→ **Directions for this task**: Print the material below exactly as it stands, please, from its first line to the line holding "Our dual-function dynamometers", with no pictures.

→ **Data segment**:
........

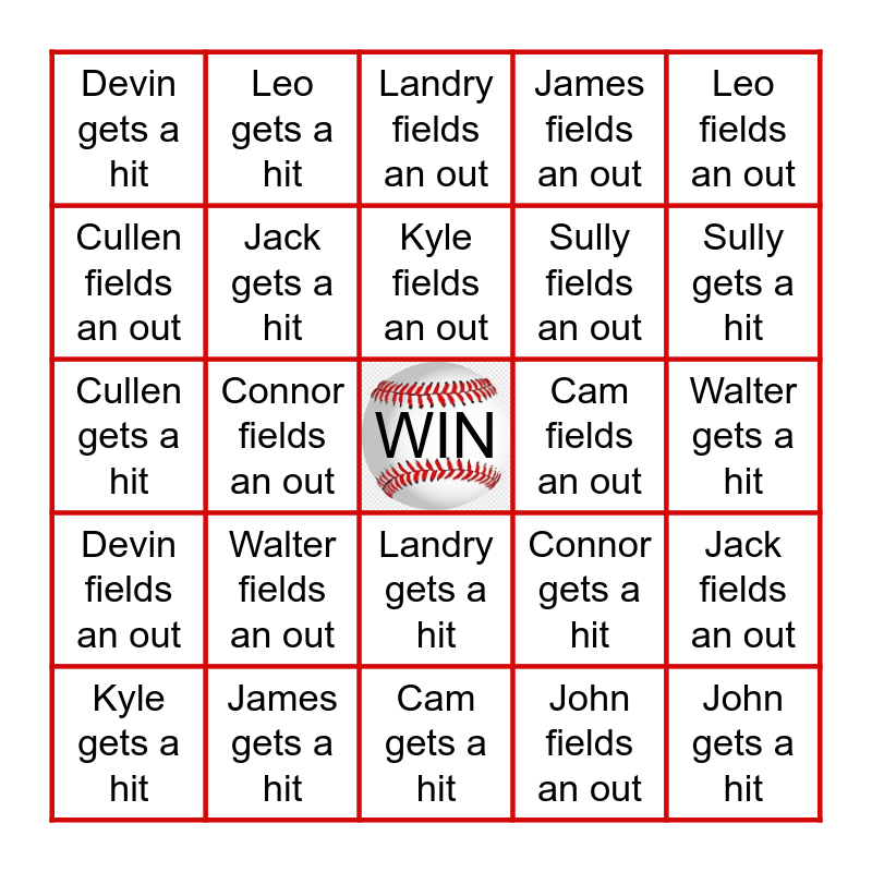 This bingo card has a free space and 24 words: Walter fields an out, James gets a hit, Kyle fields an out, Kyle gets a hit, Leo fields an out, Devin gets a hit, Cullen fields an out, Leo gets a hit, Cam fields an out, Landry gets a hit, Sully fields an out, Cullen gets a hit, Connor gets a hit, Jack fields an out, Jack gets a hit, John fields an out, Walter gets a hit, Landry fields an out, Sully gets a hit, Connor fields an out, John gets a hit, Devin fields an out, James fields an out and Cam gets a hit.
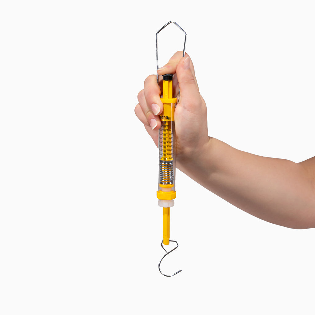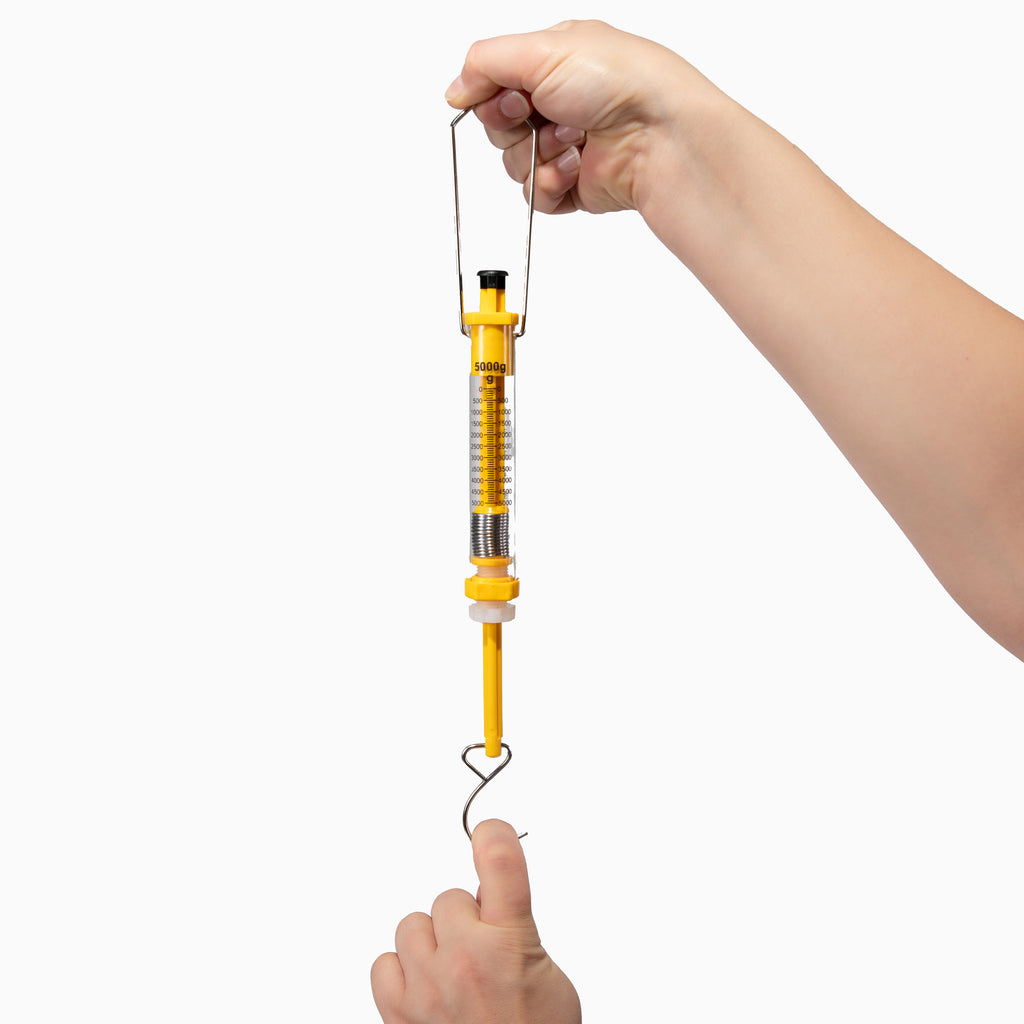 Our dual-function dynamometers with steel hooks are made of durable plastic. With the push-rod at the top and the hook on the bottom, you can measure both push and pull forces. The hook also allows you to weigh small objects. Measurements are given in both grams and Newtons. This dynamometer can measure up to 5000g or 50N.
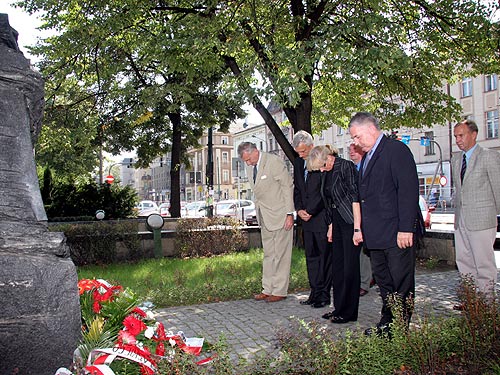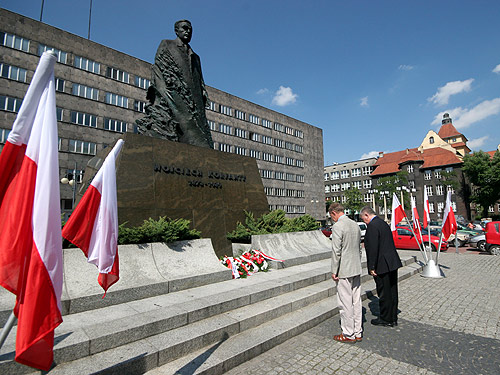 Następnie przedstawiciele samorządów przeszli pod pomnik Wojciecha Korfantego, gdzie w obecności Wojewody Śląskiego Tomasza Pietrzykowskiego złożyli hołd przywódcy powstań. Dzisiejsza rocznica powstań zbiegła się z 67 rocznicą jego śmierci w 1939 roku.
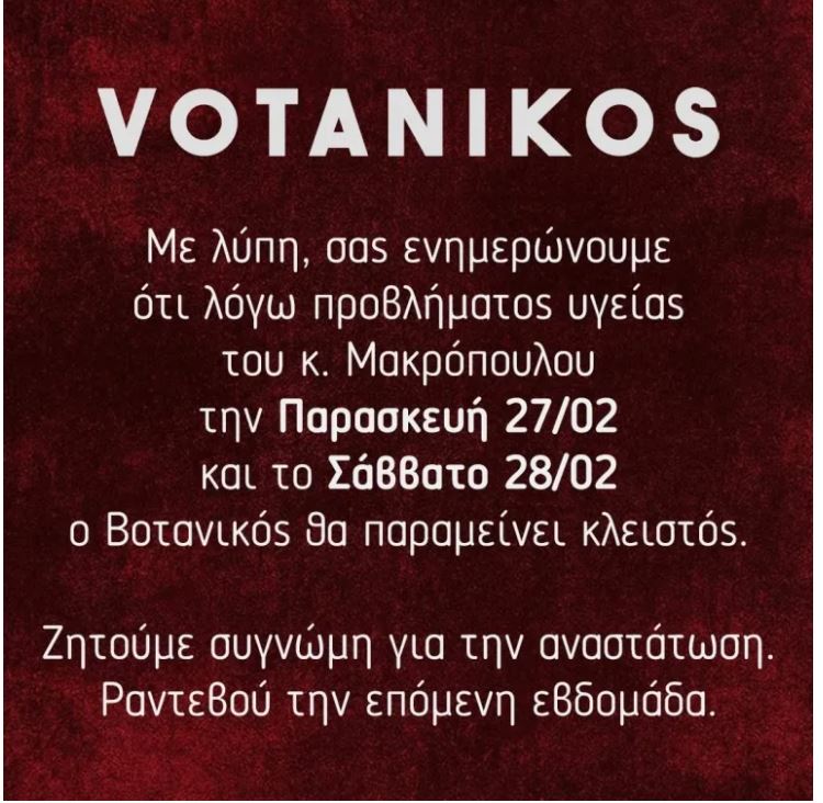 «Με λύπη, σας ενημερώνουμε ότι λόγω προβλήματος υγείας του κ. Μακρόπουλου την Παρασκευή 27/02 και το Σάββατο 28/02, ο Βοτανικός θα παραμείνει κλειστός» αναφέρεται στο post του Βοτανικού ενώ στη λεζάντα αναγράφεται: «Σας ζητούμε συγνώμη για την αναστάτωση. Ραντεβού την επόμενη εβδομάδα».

........

→ **Written response**:
 This bingo card has a free space and 24 words: Walter fields an out, James gets a hit, Kyle fields an out, Kyle gets a hit, Leo fields an out, Devin gets a hit, Cullen fields an out, Leo gets a hit, Cam fields an out, Landry gets a hit, Sully fields an out, Cullen gets a hit, Connor gets a hit, Jack fields an out, Jack gets a hit, John fields an out, Walter gets a hit, Landry fields an out, Sully gets a hit, Connor fields an out, John gets a hit, Devin fields an out, James fields an out and Cam gets a hit.
 Our dual-function dynamometers with steel hooks are made of durable plastic. With the push-rod at the top and the hook on the bottom, you can measure both push and pull forces. The hook also allows you to weigh small objects. Measurements are given in both grams and Newtons. This dynamometer can measure up to 5000g or 50N.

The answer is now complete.